Feature selection is an important step in model construction. The Boruta algorithm was used to identify the most important features by comparing the Z-value of each feature against that of “shadow features”. By duplicating all real features and shuffling them sequentially, the Z-value of each attribute is obtained from a random forest model in each iteration, and the Z-value of shadow is created by random shuffling of the real features. A real feature is regarded as “important” if its Z-value is greater than the maximal Z-value of shadow features in multiple independent trials [26]. After feature selection, seven ML algorithms, including LR, k-nearest neighbors (KNN), SVM, decision tree, random forest, extreme gradient boosting (XGBoost), and ANN, were employed for model construction. A tenfold cross-validation was applied for the training and validation sets to prevent overfitting, and it was also used to formulate predictive models.
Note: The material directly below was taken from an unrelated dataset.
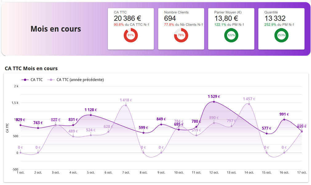 Comme le tableau de bord d'une voiture, il possède des indicateurs clés (chiffres, courbes, graphiques, etc.) qui vous montre en temps réel où vous en êtes et
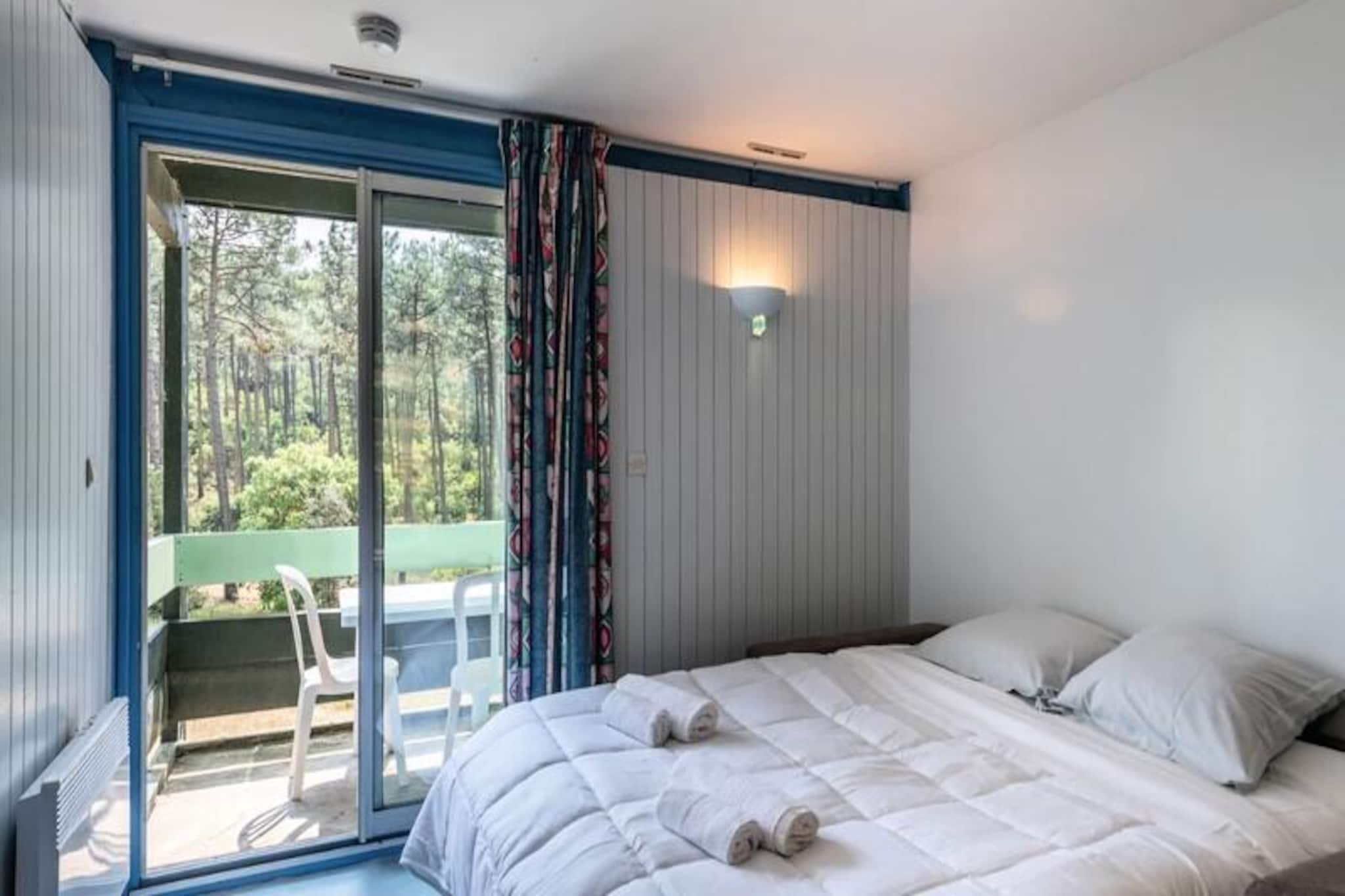 Résidence Domaine Les Cavales is located in Carcans on the Aquitaine coast. Its proximity to Lake Carcans and the Ocean on the other side make it a prime location for holidays surrounded by nature, focused on sports and water activities. The Residence Domaine Les Cavales is ideal for families: its 240m² swimming pool will be the favorite place for young and old on beautiful sunny days. The place leaves you dreaming, in the middle of the pines, the change of scenery will be total! If you are looking to recharge your batteries, this residence is made for you! You will be less than 5 minutes from Lake Carcans where you can practice different water activities: canoeing, windsurfing, optimist. You will have access to 120km of cycle paths directly from the residence, enough to discover the beautiful landscapes of the area at your own pace, by bike. Stay Equipped kitchen Room with 1 double bed Bedroom with 2x2 bunk beds Shower room, separate WC Covered balcony Please note: The accommodation is on the ground floor (a few steps to access the accommodation) Pets allowed - 10€/night/pet - 1 pet allowed per accommodation (not allowed in common areas) Deposit (additional) - 200 Baby kit - bed, bath and high chair: available for loan upon request when booking Bed linen - provided (beds not made on arrival) Bathroom linen - towel: EURO3.50; ; bath towel: EURO4.50; ; Bath kit (1 towel + 1 bath sheet + 1 mat): EURO7.50; End of stay cleaning - From 1 to 5 nights: Studio 2/3 people = 12 € / night 3 rooms 4/6 people = 18 € / night From 6 nights: Studio 2/3 people = 65 € 3 rooms 4/6 people = 90 € Parking - free Swimming pool - 240m² unheated swimming pool + 40m² paddling pool - open all season Tourist tax (additional charge) - according to current rates, payment on site

Accordingly, the whole dataset was randomly divided into 10 folds. Nine of them were used as the training set for model development, and the remaining one was used as the validation set for model validation. Because each of the 10 folds was used as the validation set, the above process was repeated 10 times. Finally, the performance of each model was validated and compared in the validation set. In our cases, the model with the highest area under curve (AUC) of the receiver operating characteristic (ROC) curve was selected as the optimal model of each algorithm. Because SOFA and SAPS II scores were used as common tools for predicting the illness severity and prognosis in critically ill patients, we also compared the predictive abilities of ML-based predictive models with those of the conventional scoring systems.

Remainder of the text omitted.